OK. I know, that was a lame joke. I hope you aren’t coming to this blog for humour.
Let me tell you about something that happened to me a few years ago, before I was Registrar of the College of Physiotherapists of Ontario.
I called a sports rehab clinic where I’d been before, to see a physio for treatment for lower back pain. I was assessed and received treatment three times over a two-week period. It wasn’t until then that the clinic asked for payment. After I paid, I was handed a receipt signed by a PT who wasn’t the person I’d seen. I thought it was an error, so I asked the receptionist about it. She told me not to worry because the guy I’d been seeing was a support person and the PT whose name appeared on the receipt was happy to have the billing go out under her name and registration number.
What’s this got to do with consent? Well, I was not informed that the person treating me was not a PT. It was reasonable for me to assume that he was, since when I called to make the appointment, I asked for a PT. When this fellow talked to me about my treatment plan and when I signed the form, I was consenting to receiving treatment from a physiotherapist, not a support person. So, in fact, he did not have consent to treat me at all. There are other problems with this arrangement, including the fact that it’s inappropriate for support personnel to conduct assessments, but that’s a subject for another day.

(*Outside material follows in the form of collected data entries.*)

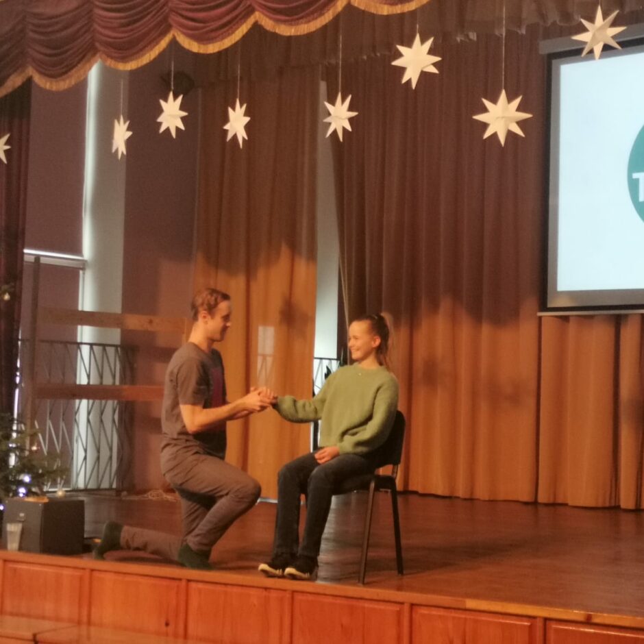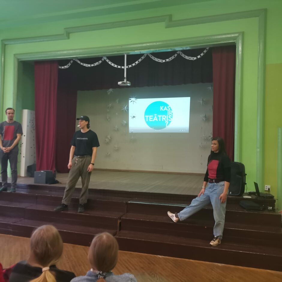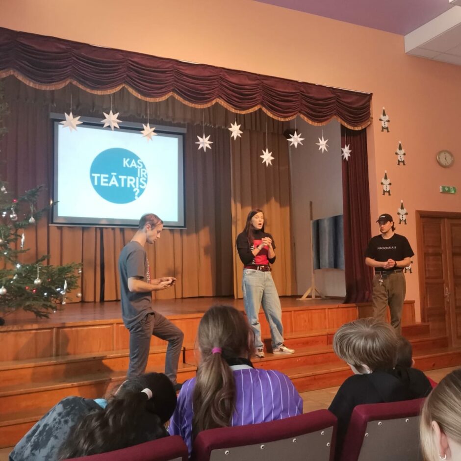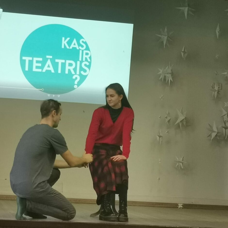 5. un 9. klasēm bija iespēja piedzīvot aizraujošu 40 minūšu piedzīvojumu, kurā tika stāstīts par teātra un mākslas jēgu mūsdienu pasaulē, demonstrēti video fragmenti no izrādēm, sniedzot komentārus par redzamo, rādot, kā dzīvo un strādā Nacionālā teātra aktieri un citi darbinieki. Izrādē-lekcijā piedalījās teātra jaunie aktieri, kuri bērniem un jauniešiem bija gatavi godīgi pastāstīt par savu pieredzi, par to, kā darbojas teātris. Tā bija iespēja gūt izpratni un interesi par aktiera, režisora, butafora, horeogrāfa, komponista, scenogrāfa profesiju.
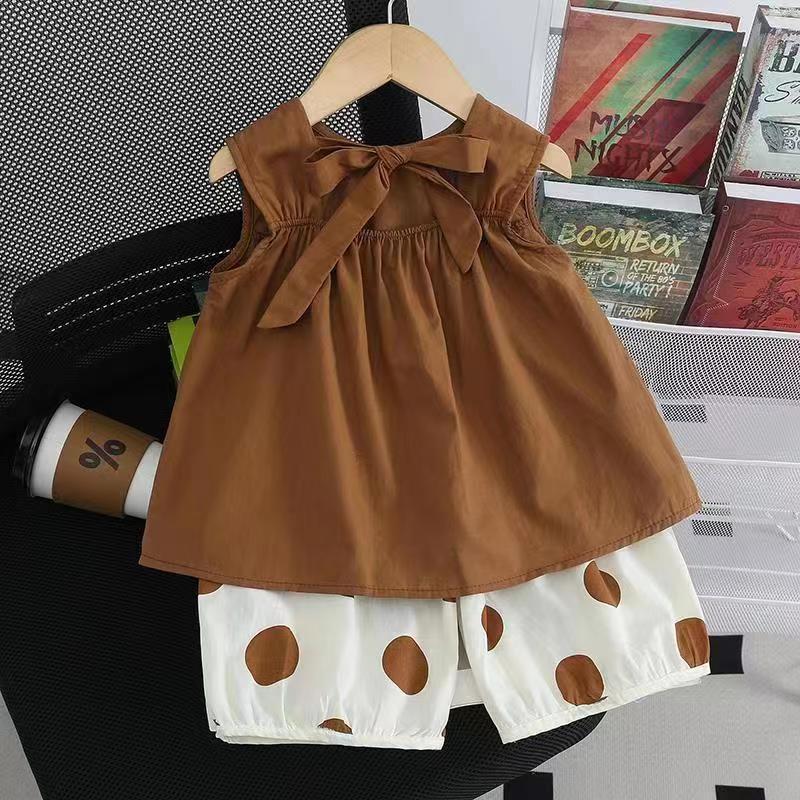소녀 여름 새 아동복 2024 아기 소녀의 세트 조끼 민소매 옷 폴라 도트 블루머의 투피스 세트스토어 가기
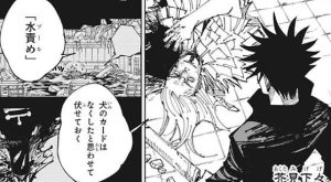 乙骨も反撃しようとしますが、再び烏鷺が空間を歪めると今度は乙骨の腕が変形してしまいます。再び乙骨は吹っ飛ばされますが、今度は乙骨も攻撃をガードして最小限のダメージにします。地面に着地した後、乙骨は自身の腕を見ると、腕は戻っていて異常はありません。乙骨は烏鷺の術式を、多分空間をイジる術式で空間ごと相手を潰したりは出来ないようなもの?と、数即死ます。
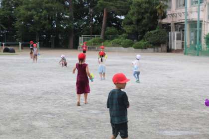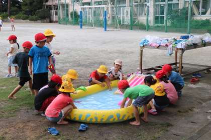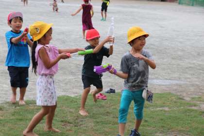 校庭では、1年生が水遊びをしていました。水鉄砲やペットボトルなどに水を入れて友達い同士楽しく遊んでいました。みんな全身ずぶ濡れでした。

Sometimes we regulators can make the idea of consent sound tricky, but I don’t think it really is. As a patient, I can only give my informed consent if you have given me all of the information that I need to make choices about my care. The Health Care Consent Act outlines some of the things that patients need to know, but it’s really common sense. You need to give the patient all of the information that a reasonable person would need to know to make a decision about treatment (that includes things like what the treatment plan will look like, what my options are, whether there is support personnel involved and how many visits I can anticipate will be needed).
Signed consent forms are the icing on the cake—they are a good way for the PT to demonstrate that he or she had the consent conversation with the patient. But what if there is no conversation: what if, instead, the patient fills in a form on a clipboard at the reception before even meeting the PT? Without a detailed conversation with the physiotherapist immediately, that’s probably not consent.
In 2007, a researcher looked at how physios in private practice understood informed consent. She found that the PTs thought of informed consent as part of their routine clinical explanations, rather than a process of providing choices. The PTs were more concerned about ensuring a good outcome than enhancing the patient’s ability to make a choice. On the one hand, that’s great—I speak on behalf of all your patients when I tell you how much we appreciate your focus on our well-being. But on the other hand, it’s my body and what happens to it ought to be my decision.
Perhaps it seems like I am oversimplifying. Maybe you work in a place with a number of other professionals on a team and the administrative requirements are for one consent form to be filled out at the beginning of the treatment. As long as there is a real conversation, that’s OK. One team member can obtain consent on behalf of the other care providers. The test is whether the right information was provided and understood by the patient.
Think about this like any other task you might assign to someone else. You may assign obtaining consent, but only if the person who is having the conversation with the patient is appropriately trained and knowledgeable.
Did the patient know who was going to be treating her? Did she understand any potential side effects? Did she know what options she had for treatment? Did she understand her treatment plan and, if it involved support personnel, when she would be reassessed by a PT?
If the answer to each of these questions is yes, it sounds like you got consent. And if the treatment changes as the patient progresses, you should get fresh consent and that doesn’t have to be a form—it can be a conversation and a note in the file (please don’t forget to document that you got consent—there are so many ways it can go badly if you don’t). Remember, the conversation is about offering the patient choice: it’s not about telling them what will happen next.
I have another story about consent. My daughter was delivered by emergency C-section. There I am, with six hours of labour behind me, being rushed to an emergency room. Around me, a battalion of nurses and residents running along beside me. “Do you consent to a C-section because your baby is not getting enough oxygen?” frantically asks a stranger in a mask. And my nod is recorded on my chart. No way was that informed consent. But my fantastic 13-year-old daughter is a good reminder to this regulator that in emergencies sometimes even the most sensible rules need to bend.
Your turn. Have you had consent conundrums? What are your challenges?
 Clare M. Delany, “In private practice, informed consent is interpreted as providing explanations rather than offering choices: a qualitative study,” Australian Journal of Physiotherapy 2007, Vol. 53: 171-177.